Now, the first statement says that the union of infinite subsets of a sample space should be equal to the sample space: $$\lbrace x \in (0,1] : x \in[(1/i), 1] \text{ for some } i \rbrace$$. The statement on the far left of the set notation, $$x\in (0,1]$$, gives us $$x$$’s domain: it is defined over $$S$$, which we have defined to be $$(0,1]$$. The right side of the “such that” states that every x in the domain $$S$$ that is in some partition $$A_i$$ is in this set. Recall that $$A_i$$ was defined as $$[(1/i), 1]$$.

The above statement seems self-evident for rational numbers: for any rational number $$m/n, m > 0 \wedge n > 0$$, we know that there is a coarse-grained bound such that $$1/n$$ is less than or equal to $$m/n$$ and therefore $$m/n$$ is in $$A_n$$. But what about irrational numbers? For this to work, we would need a theorem that gives rational bounds on irrational numbers. This seems like something that ought to be out there, but I’m not sure where to look. I suspect hard-core PL theory, such as work on PCF, would have something to say about this. Number theory and/or real analysis would also be good candidates.

In any case, we are trying to make the argument that for every number on the real interval $$(0,1]$$, there exists at least one sub-interval with rational endpoints, and that the union of these sub-intervals gives us back the interval $$(0, 1]$$ exactly. We don’t miss any numbers on the interval $$(0, 1]$$. We might make some argument about the compactness of the interval.

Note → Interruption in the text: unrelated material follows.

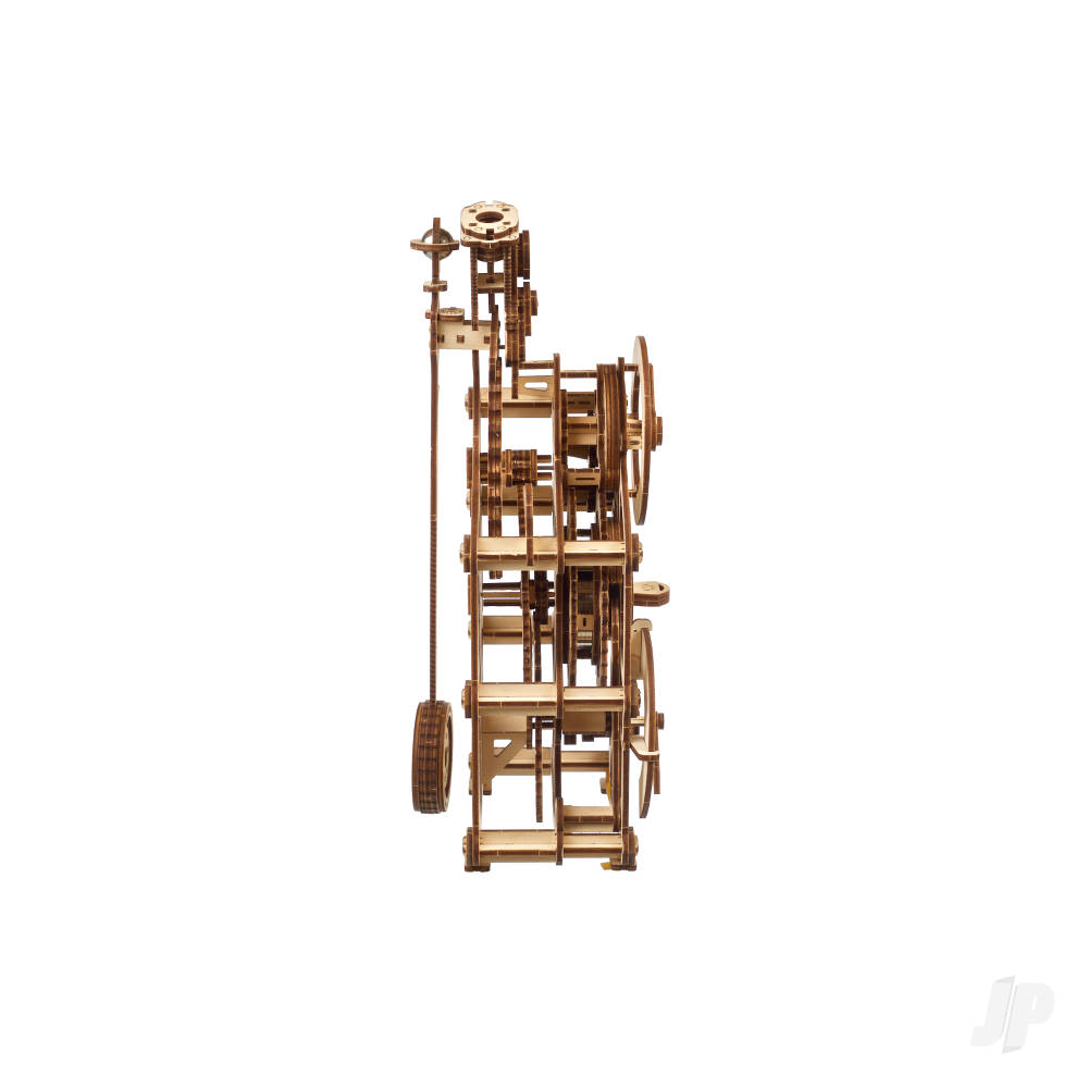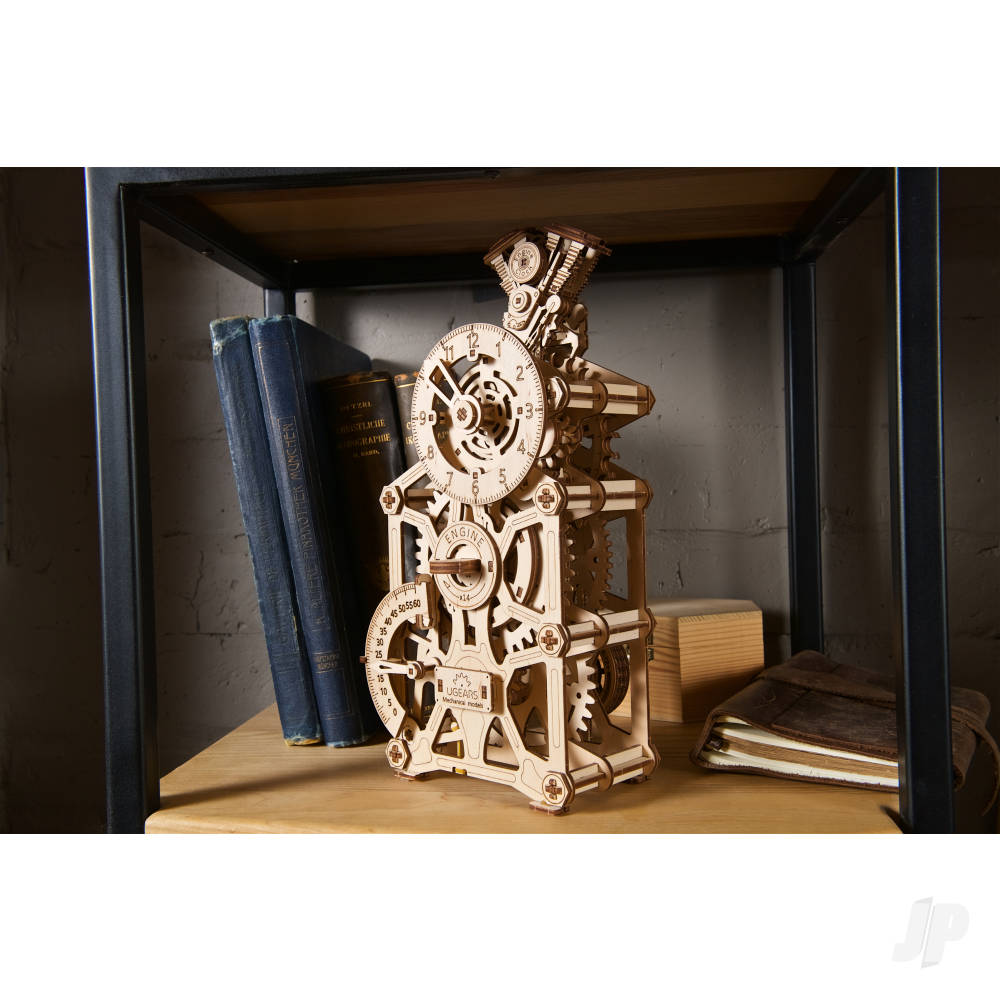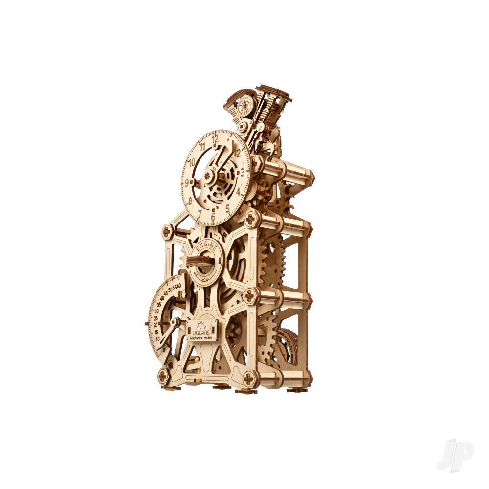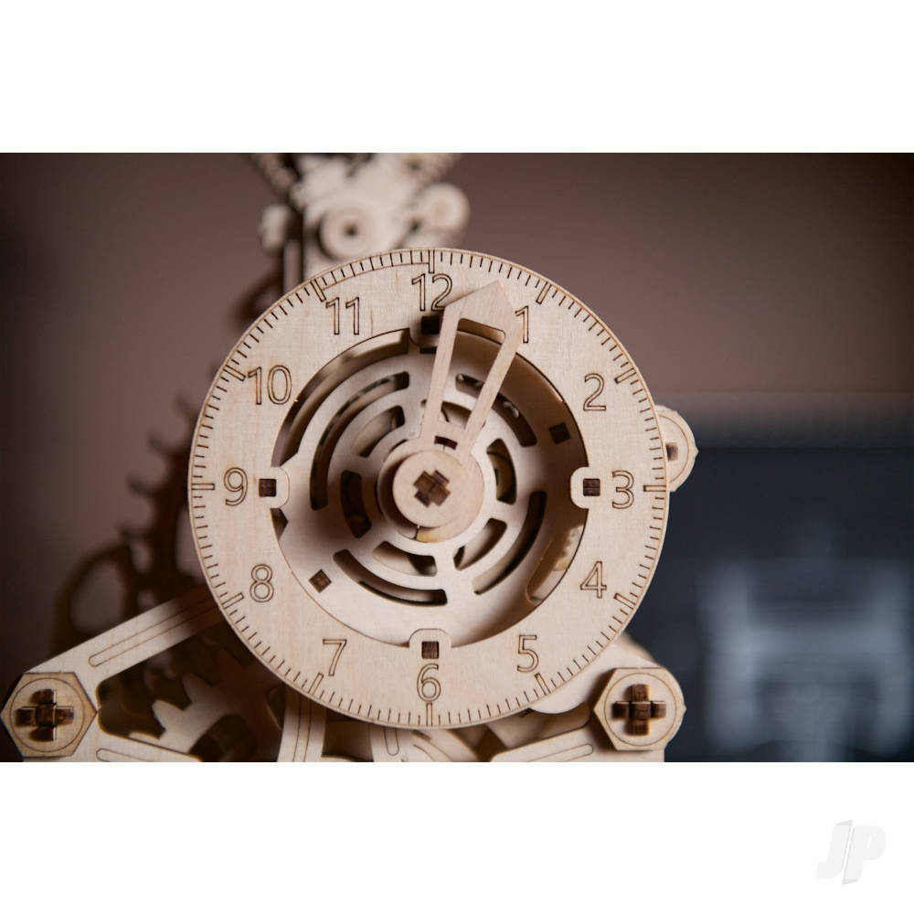 The DIY wooden Engine Clock is the latest addition to the UGears collection of working clocks, including the Aero Clock wall clock with pendulum, and the Sky Watcher Tourbillon Table Clock. While those models are both “Advanced” level, with the Engine Clock we strove to design a functional clock at the “Medium” difficulty level, so that more hobbyists could experience the satisfaction of building their own functional DIY 3D model clock. As with all UGears models, the Engine Clock is assembled without glue or special tools—just remove the laser pre-cut pieces from their art-quality composite wood boards and snap them together. Each kit comes with detailed, step-by-step, full-colour illustrated instructions in 11 languages (Ukrainian, English, German, French, Polish, Spanish, Portuguese, Turkish, Italian, Chinese and Korean) to guide your assembly, and sandpaper and wax to smooth and lubricate all moving parts for optimal function. If you get stuck during the assembly, need help troubleshooting, or break a piece during construction, just email our outstanding customer service team—we’ll be glad to answer any questions or send replacement parts free of charge.

The second statement defines intersection in this context. Here we would make an argument about the uniqueness of the intervals. That is, if $$i\not = j$$, then $$A_i \not = A_j$$. Every sub-interval is unique by virtue of its lower bound. However, the upper bound (1) is included in every interval. Therefore, the only interval all sub-intervals could share is the point 1.

It seems the point of the example was to show that countably infinite sets do occur and that the principles of set theory still hold. Defining the sample space as the reals appeals to practical considerations not fully explored in the text: we often model phenomena we measure as having infinite precision, but we know that our instruments can only be finitely precise. A countably infinite partition seems like it would introduce less error into a calculation than a finite one, i.e., a histogram.